Being a dangermouse it was reasonably easy to solve some quests of the serie "Really Small Mouse". I brought the mouse down to 21 instructions, but there are some hackers who can do it in 20 and less! Cool challenges encountered on the road were 'No full ACK in SEPT' which refreshed modular algebra a bit, 'Maelstrom' to train image recognition, 'HVM cipher' and 'Really Simple Access' to revive my reminescences of cryptanalysis. While solving "Shattered and Shuffled" and "Shredded and Scrambled", I felt cold down my neck, it was the breath of the dark side who strucked me.

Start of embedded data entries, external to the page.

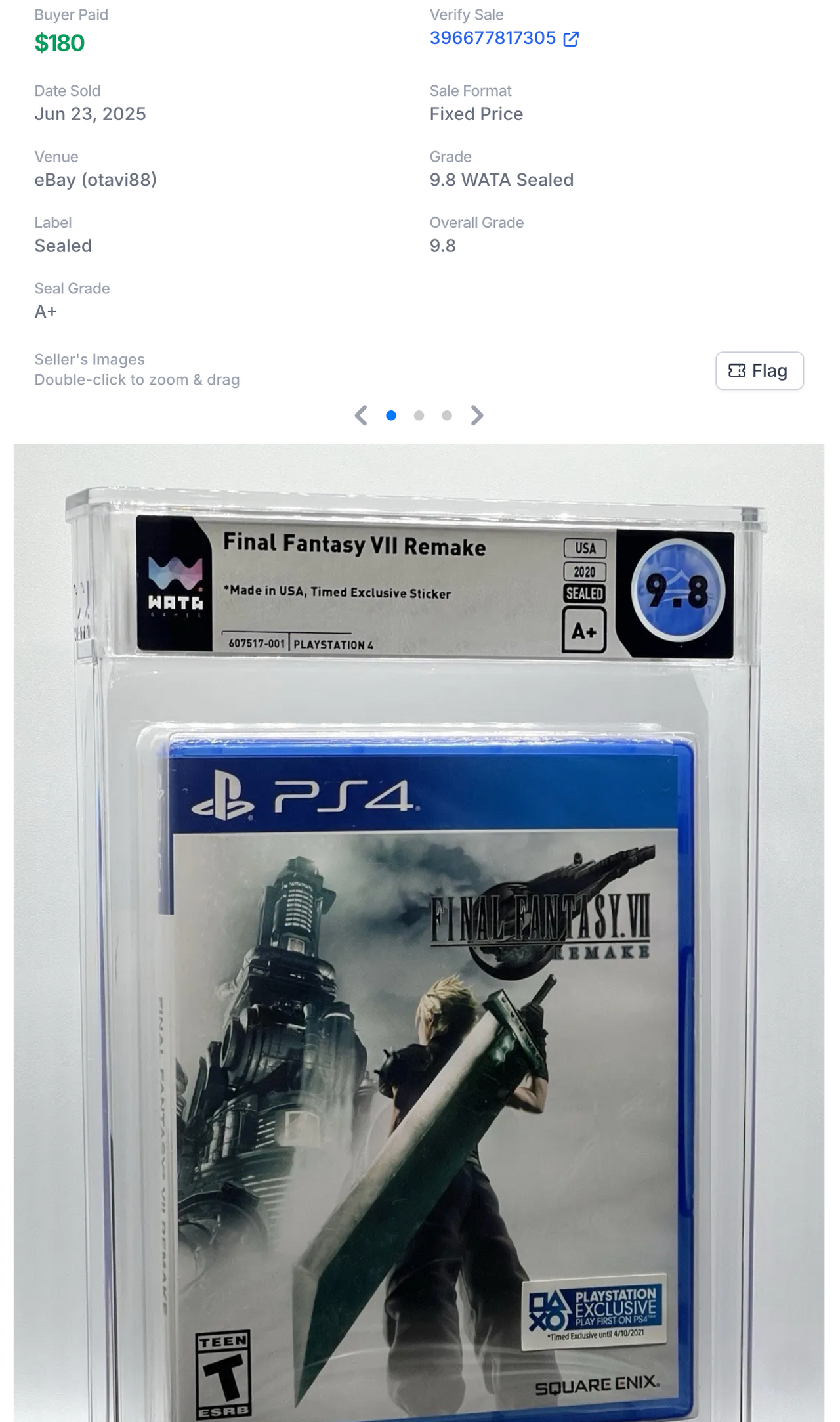 If in pristine condition, even copies of FFVII Remake can sell for hundreds of dollars. For instance, this WATA 9.8 A+ copy of FFVII Remake sold for a solid $180 back in June 2025: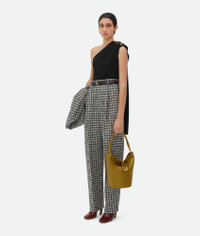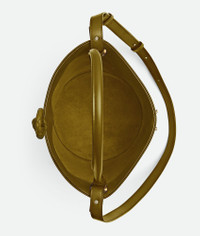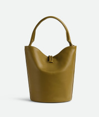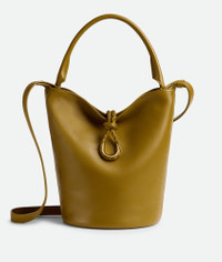 Top handle bucket bag in smooth calf leather with double flap. Fastened with a sculptural Product Details - Top handle bucket bag in smooth calfskin leather with fastening system consisting of metal elements and coaxial cord - Adjustable and detachable strap - Single compartment - Material: calfskin - Lining: Suede - Color: Limonite - Hardware: Brass finish - Height: 30 cm | 11.8” - Width: 18 cm | 7.1” - Depth: 18 cm | 7.1” - Strap Drop: 26 cm | 10.2” - Made in: Italy - Product code: 806038V4SJ17734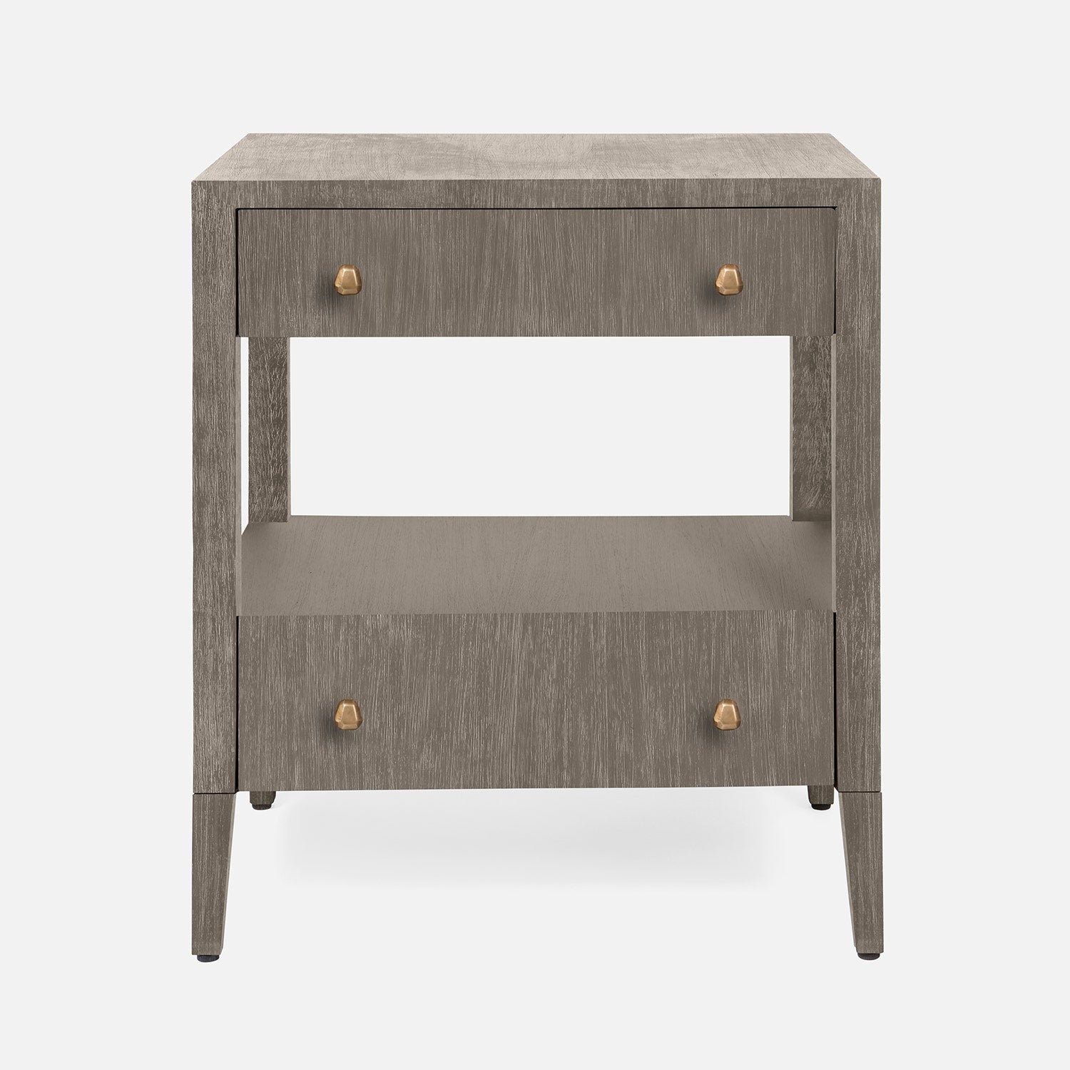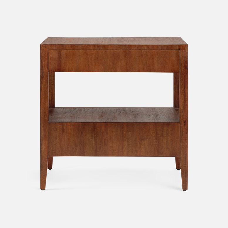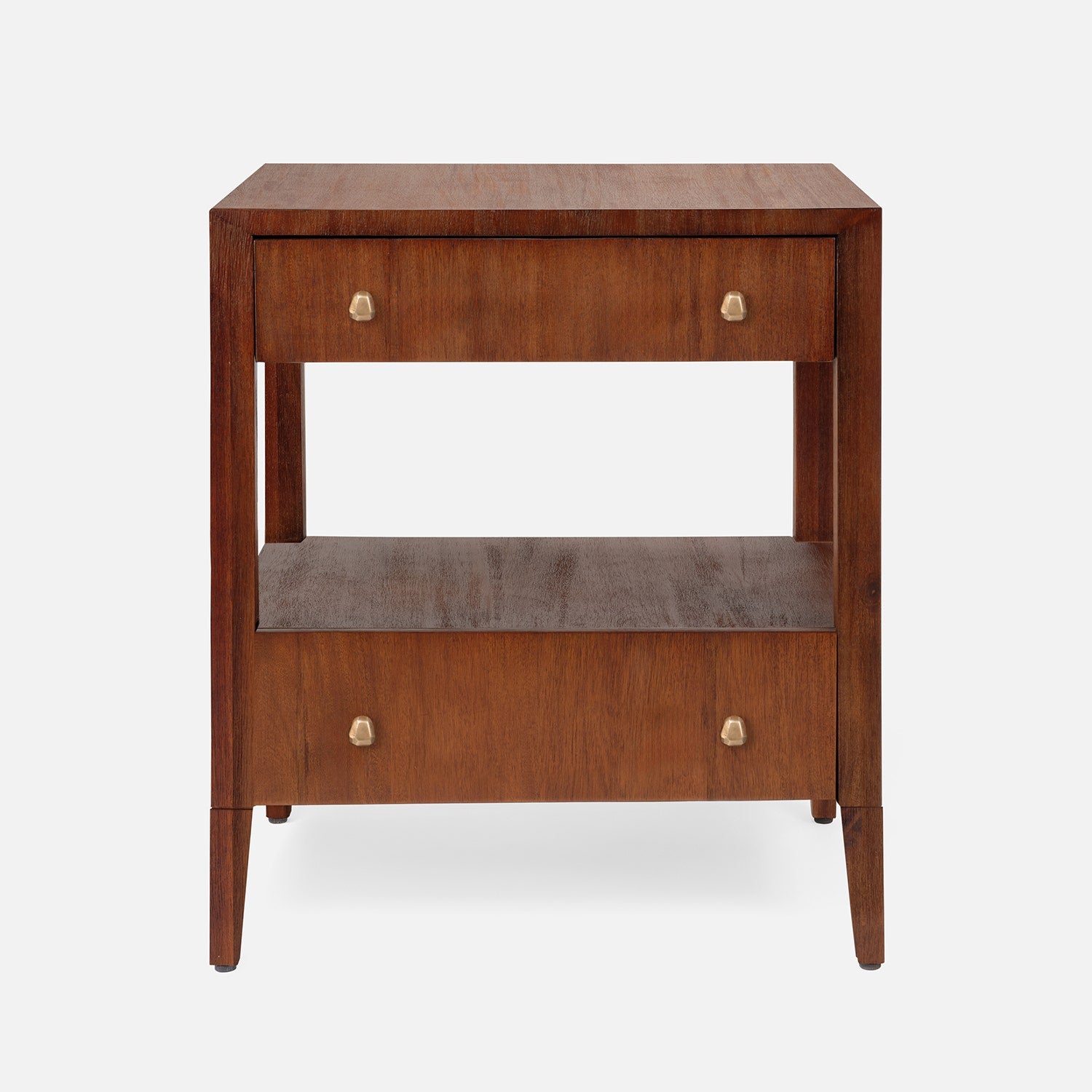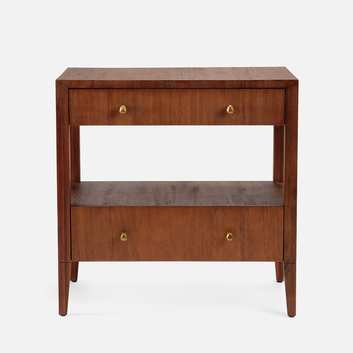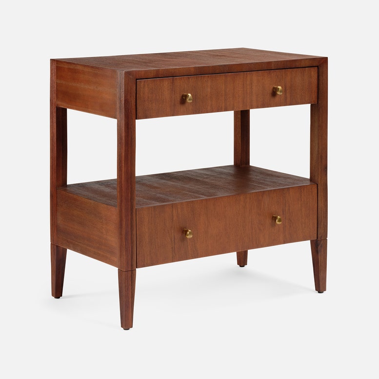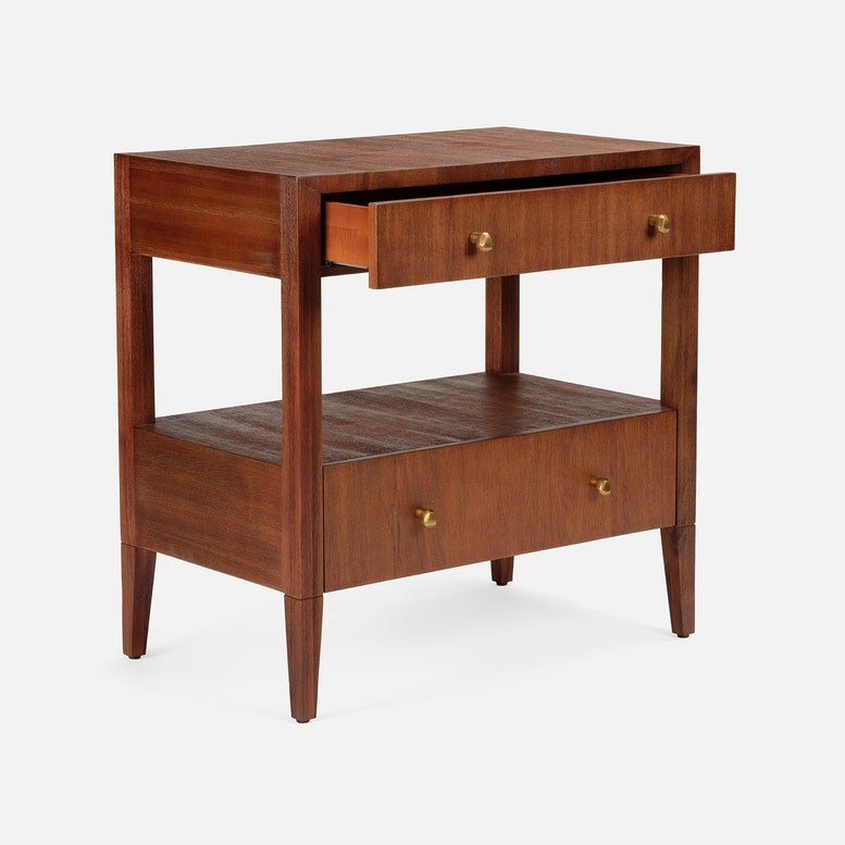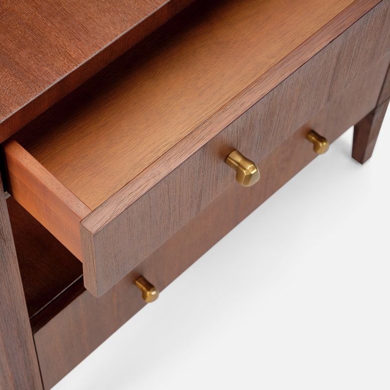 Open shelving paired with a double-drawer design creates balanced proportions for the Solaris nightstand. Abstract brass knobs and distinctive grain patterns in Brazilian wood make each piece truly one of a kind.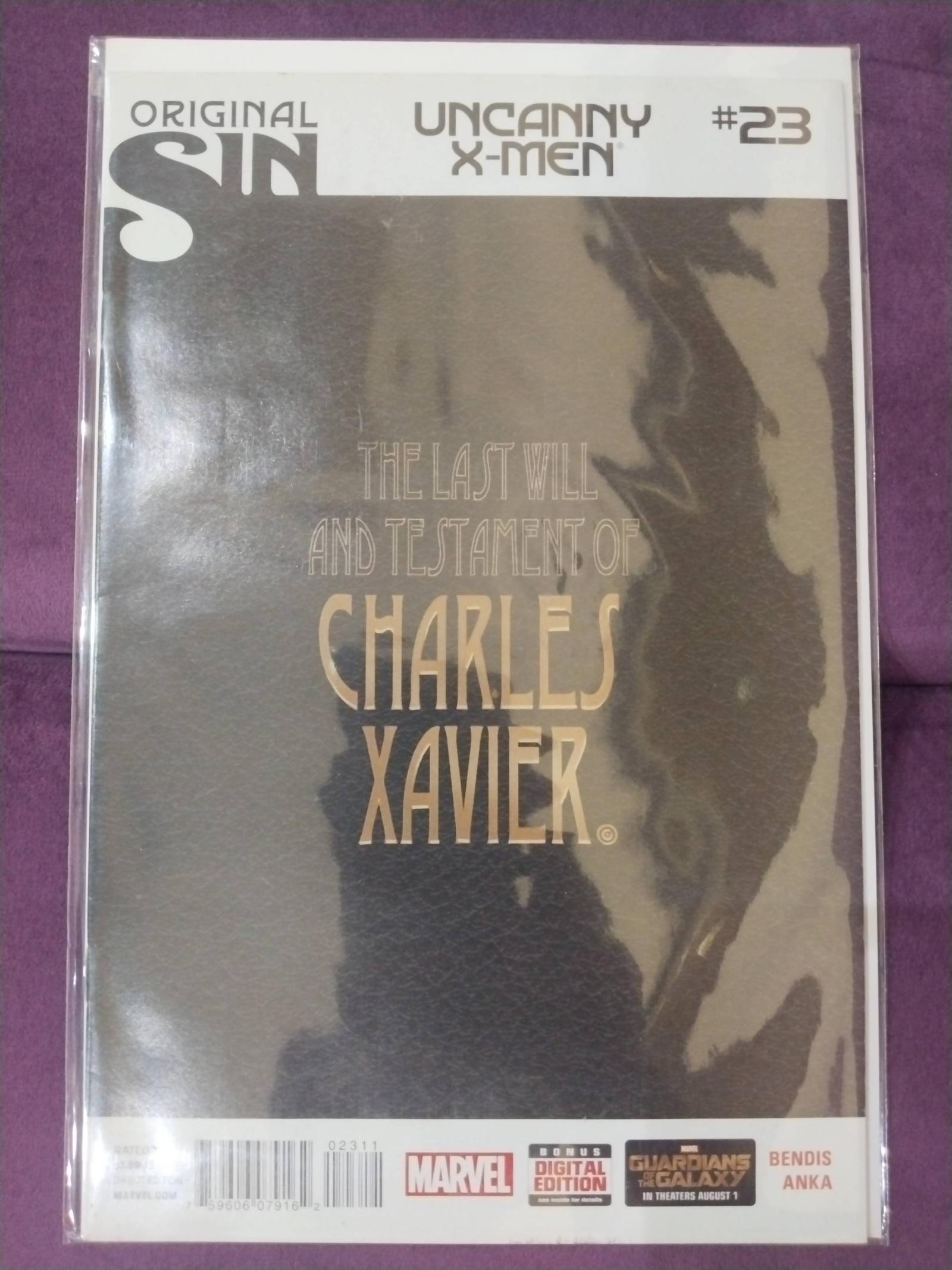 Uncanny X-Men #23 from the Original Sin series by Marvel Comics. This issue features the story 'The Last Will and Testament of Charles Xavier.' Written by Brian Michael Bendis with art by Kris Anka. A significant comic for fans of the X-Men, tied to the Original Sin event. No grading information available.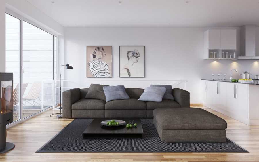 Гостиная в стиле минимализма является наиболее выгодным вариантом по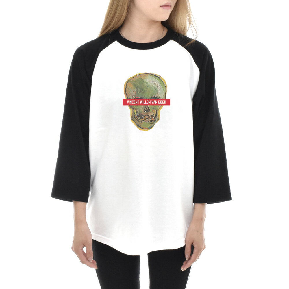 【7分袖 アートTシャツ】ゴッホ Tシャツ 骸骨 フィンセント・ファン・ゴッホ ライフ イズ アート 7分袖 ラグラン ベースボール メンズ レディース 大きいサイズ ビックサイズ おしゃれ 絵画 名画 ティーシャツ S M L XL ホワイト 白 ブランド【S47_01】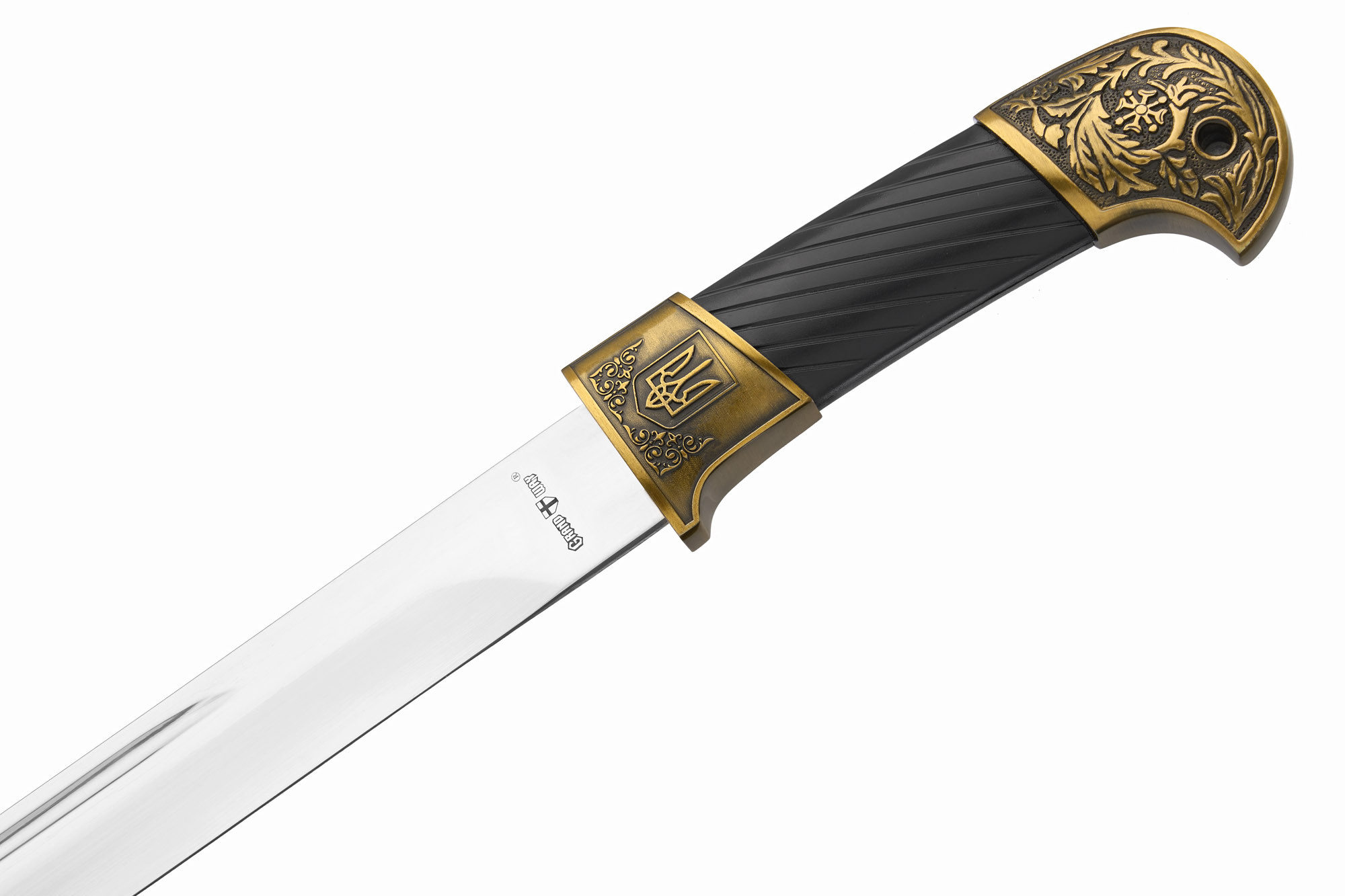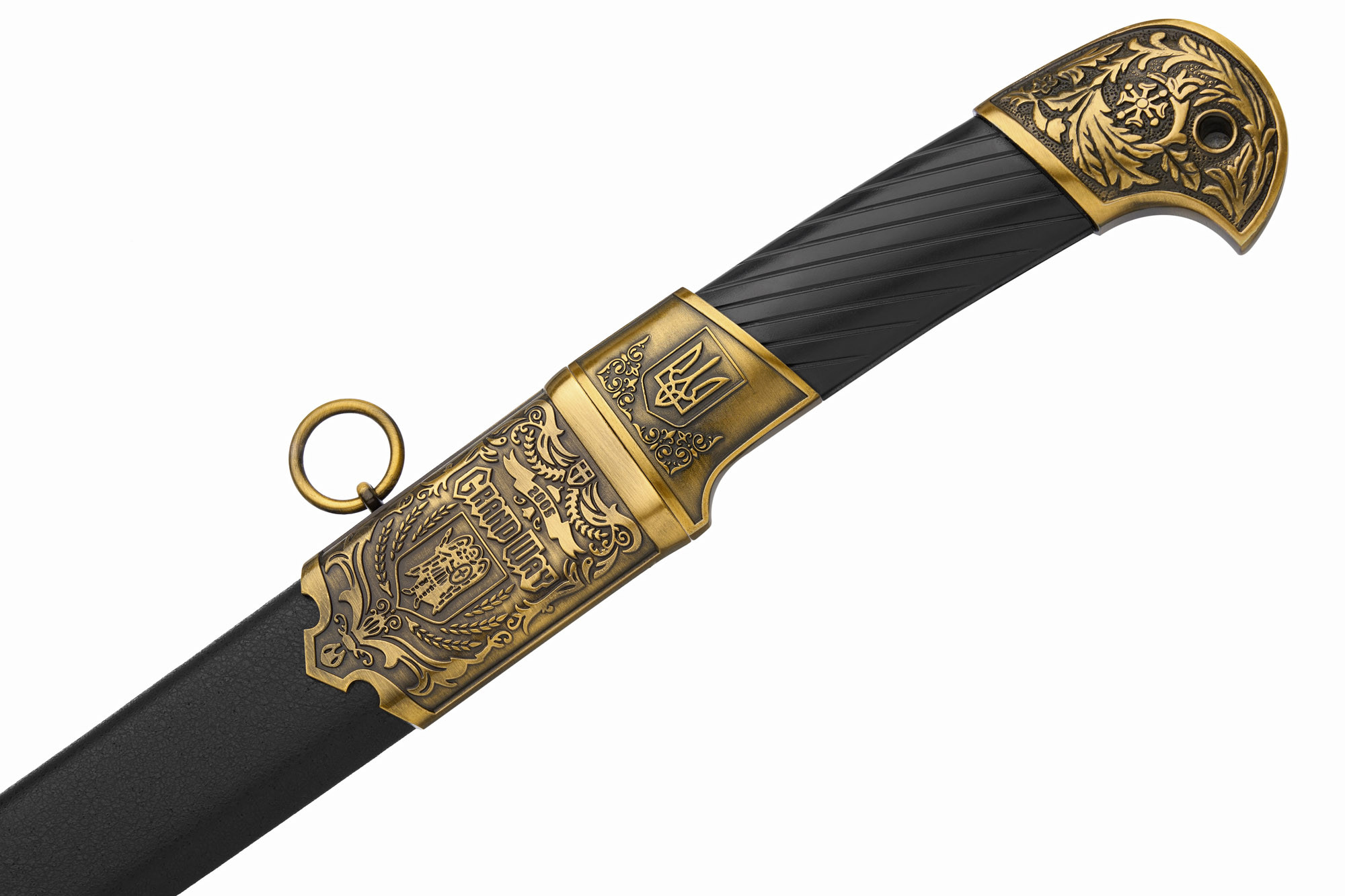 Особливий цікавим є оформлення ефесу, на який нанесено зображення малого герба України.

I suffered deceiving in "Such Much" and only an answer on the forum brought me back on track. I almost brought down hacker.org by submitting huge numbers calculated with Python! I attacked with brute force 'Soviet Intercept' and I almost locked me out of this challenge; now I have to wait one hour between submitting of answers for this particular challenge, though now I prepared a sort of key which should allow the identification of the spies.

For the cryptographic challenges involving unkown codes, I developed a tool to perform the kappa-test, and another one to perform the chi-test on vigeneres which have substitutions in columns instead of simple caesar ciphers. I wrote them according to this article. I found a good tool to perform first image analysis on Steganographic challenges here made by Caesum, the author of the Challenger's handbook. To perform coprime factorization I definitely recommend MSieve. Other discoveries were Binary Coded Decimals (BCD) and Setun, a Russian computer which was working with ternary balanced circuits :-)

deltasql 1.4.2 and beyond

1.4.2 was a tactical release, to get hands on code which I did not touch since three months and also to advertise deltasql through the Mantra of Open Source Release often, release early. The development of 1.4.3 is struggled by technical accidents (the server I am using to test went down, because the friend of mine who kindly hosts deltasql forgot to pay the bill). Additionally, I face now trouble pushing my code with git to sourceforge. But 1.4.3 will be fresh wind with several minor bugfixes, user preferences and the ability to inform users of new scripts via sendmail.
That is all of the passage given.